# 2002 Nissan Altima Caught Fire



## MissDimples27 (Sep 5, 2006)

My 2002 Nissan Altima caught fire on September 1st. I have 138,000 miles on my vehicle so the extended warranty is over. But I want Nissan to diagnose the vehicle and find out why it caught fire and if the same thing could happen to someone elses vehicle, they need to do a recall. The fire started in the driver's side door and it burned the inside driver's door, my driver's side seat, steering column, carpet, inside top, and dash board. The entire inside of the car has smut and a smelly electrical fire smell to it .

Has anyone every heard of such a bizarre thing? I do not smoke either and the fire marshall told me that it was electrical and that Nissan should investigate. I have had nothing but troubles with this vehicle since i purchased it in Jan 2002. 

Any information would be helpful! Thanks....


----------



## jayjayp47 (Sep 30, 2006)

*from the Nissan website*

2002-2003 Altima Exhaust Pipe Hanger Pin and Pre-Catalyst

Applies to 2002 Altima models in the following Vehicle Identification Number ranges:
1N4AL11**2C100000 - 294952
1N4AL11**2C700001 - 719020

Applies to 2003 Altima models in the following Vehicle Identification Number range:
1N4AL11**3C100003 - 311983

Reason for Recall
There is a possibility that the exhaust pipe hanger pin may catch debris from the road that could be ignited by contact with the catalytic converter and cause a fire. In addition, there is a possibility that certain engine operating conditions may cause damage to the pre-catalyst. Material from inside a damaged pre-catalyst could enter the engine and result in increased oil consumption.
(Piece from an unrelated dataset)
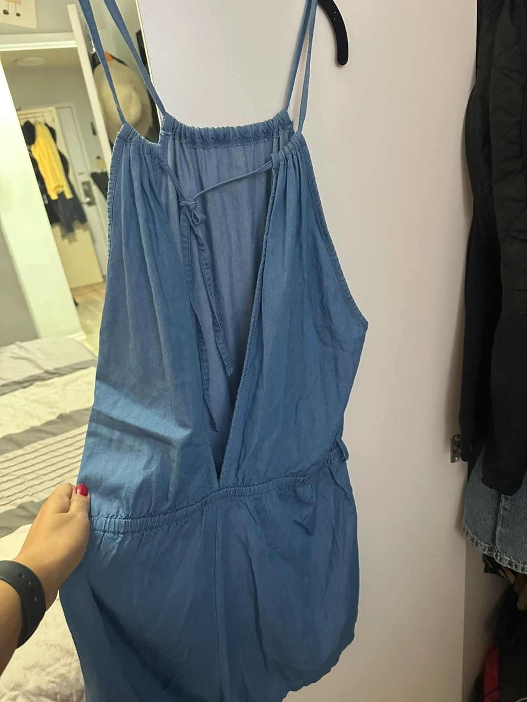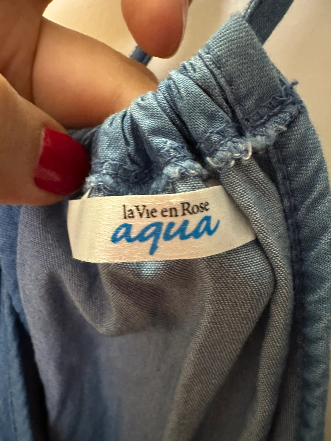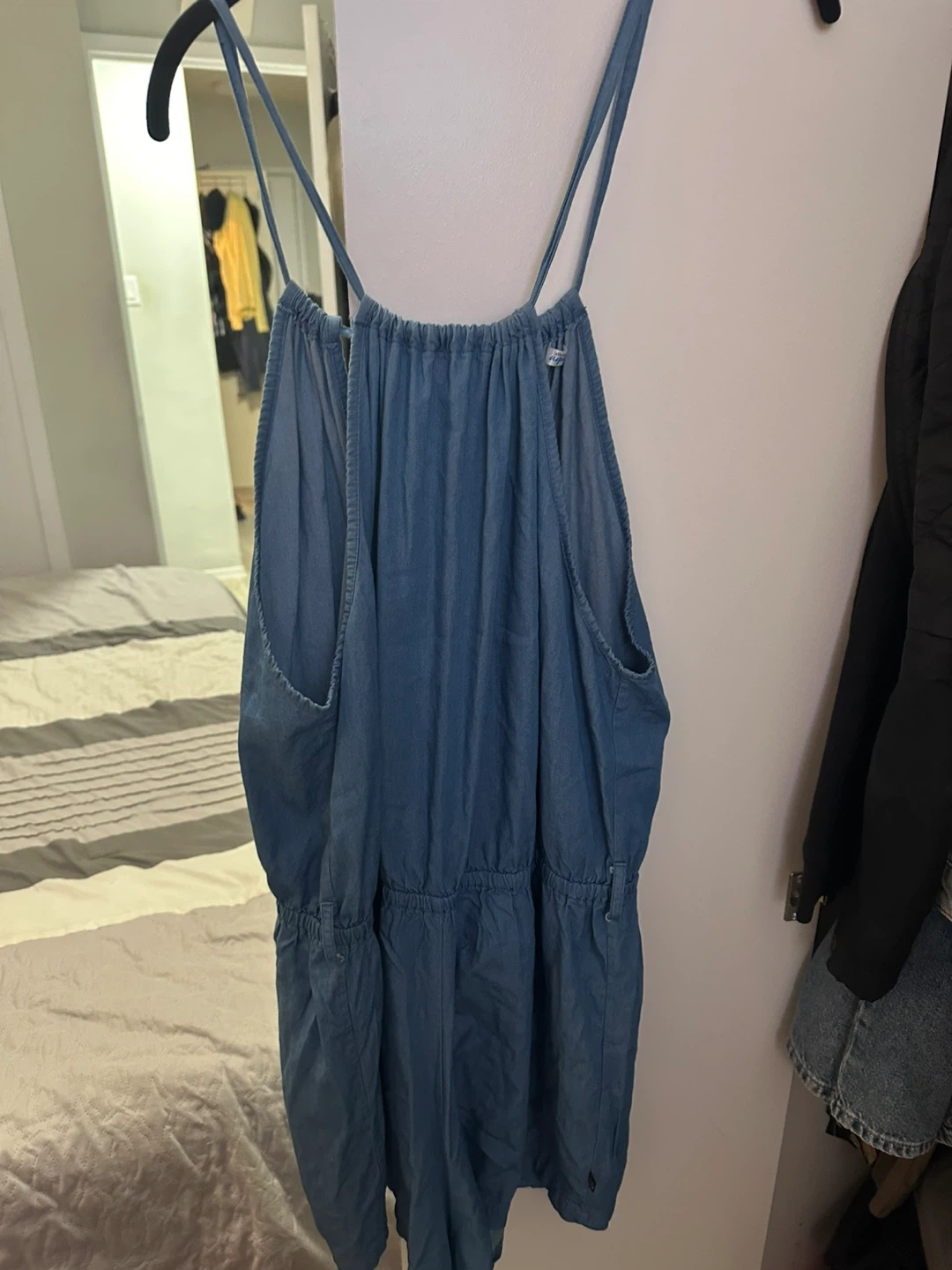 This La Vie en Rose Aqua romper is a stylish blue denim piece. It features adjustable spaghetti straps and a cinched waist for a flattering fit. Great for casual wear on warm days! Pay by cash please

If the engine oil level is not checked on a periodic basis and drops below the low level, and the driver continues to operate the vehicle ignoring noticeable engine noise, engine damage may occur which could result in a fire.

What Nissan Will Do
In order to prevent these incidents from occurring, your Nissan dealer will shorten the exhaust pipe hanger pin. The dealer will also reprogram the electronic control module to prevent any future damage to the pre-catalyst. In addition, the dealer will install heat shields on certain components of the exhaust system on vehicles that do not already have them. This free service should take about three hours to complete, but your Nissan dealer may require your vehicle for a longer period of time based upon the dealer’s work schedule.The pre-catalyst will be tested to ensure it is working properly and replaced if necessary. If damage is found inside the pre-catalyst, it will be necessary to replace the engine. Nissan anticipates that few engines will need to be replaced. If the engine needs to be replaced, this also will be free of charge and will take several days. In this case, a car rental allowance is available from your Nissan dealer upon request.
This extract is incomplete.